Na literatura policial, há vários detectives gastrónomos, do célebre Nero Wolfe, criado por Rex Stout, ao mais recente Guido Brunetti, o comissário veneziano dos romances de Donna Leon. Mas Wolfe raramente põe as mãos na massa (é para isso que paga ao seu cozinheiro suíço Fritz Brenner), e Brunetti, grande conhecedor da pequena e média restauração veneziana, tende a confiar as panelas à sua aristocrática mulher Paola. Pepe Carvalho, o detective com raízes galegas do autor catalão Manuel Vázquez Montalbán (1939-2003), é o mais completo desta confraria literária: conhece as tascas de Barcelona como as suas próprias mãos, mas também sabe orientar-se gastronomicamente em muitas cidades do mundo, e é, ele próprio, um consumado cozinheiro, mesmo se, no dia-a-dia, tende a delegar a nobre função no seu ajudante Biscuter.
A editorial Planeta, que está a reeditar toda a obra de Montalbán, acaba agora de lançar Carvalho Gourmet, um novo e discutível título para Las Recetas de Carvalho, que o autor publicara em 1989. É duvidoso que a personagem de Carvalho se visse a si próprio como um gourmet, no que o termo sugere de erudição, ainda que leve muito a sério o que ingere, líquidos incluídos. Comer é um dos seus grandes prazeres, a par do sexo (maioritariamente praticado com a sua namorada Charo, que se dedica à prostituição), e do gozo de acender lareiras em pleno Verão, atiçando as chamas com livros reflectidamente seleccionados da sua vasta biblioteca, cuja visão lhe aviva o rancor pelo tempo que perdeu a lê-los.
Ao contrário de Stout e Leon, Vázquez Montalbán é autor de uma vasta bibliografia de temática gastronómica que está longe de se resumir às receitas ou às críticas de restaurantes e pratos que se encontram nos romances de Carvalho. Na introdução a Carvalho Gourmet, Pau Arenós conta que o autor planeava escrever, com Ferran Adrià, o célebre chef do El Bulli, uma nova Fisiologia do Gosto, que desse continuidade ao pioneiro clássico de Brillat-Savarin. E dispôs, em testamento, que as suas cinzas fossem espalhadas na baía de Cala Montjoi, onde se ergue o El Bulli, actualmente encerrado.

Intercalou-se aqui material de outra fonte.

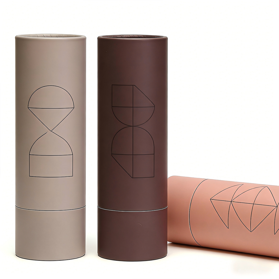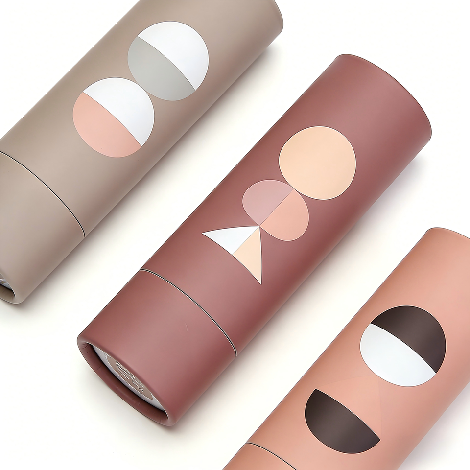 Tubo di Carta Cosmetico Minimalista Geometrico Cilindrico Fatto a Mano Ecologico Riciclabile Personalizzabile con Design a Blocchi di Colore Pastello

No prefácio que escreveu, em 1989, para o receituário de Carvalho, Montalbán não se coíbe, aqui e ali, de censurar os gostos do seu detective. Certas precipitações de Carvalho ao escolher vinhos para acompanhar determinados pratos envergonharam-no tanto que as obliterou em edições posteriores dos livros em causa. E lamenta, por exemplo, que, em Mares do Sul (1979), tenha posto na boca do marquês de Munt "uma pedante glosa do morteruelo" (espécie de guisado com fígado de porco e carnes de caça), e ainda por cima "regado com Chablis", quando, argumenta contra o seu alter-ego, o prato pedia um Sauternes ou um Montbrazillac.
Nas mais de 400 páginas de Carvalho Gourmet, o leitor pode saborear umas clássicas tripas à catalã (com feijão, como as portuguesas), ou um arroz de coelho picante, ou uns exóticos figos recheados à síria, ou uma fritada de cogumelos morchella com toucinho. E tudo servido em excelente prosa. Mas o melhor ainda é degustar estes pratos directamente nas histórias de Pepe Carvalho: uma coisa é saber como se faz um arroz de amêijoas, outra é seguir a troca de impressões entre o detective e um dirigente comunista (leia-se Assassinato no Comité Central, de 1981) acerca das vantagens de se enriquecer a respectiva calda com guelras de peixe.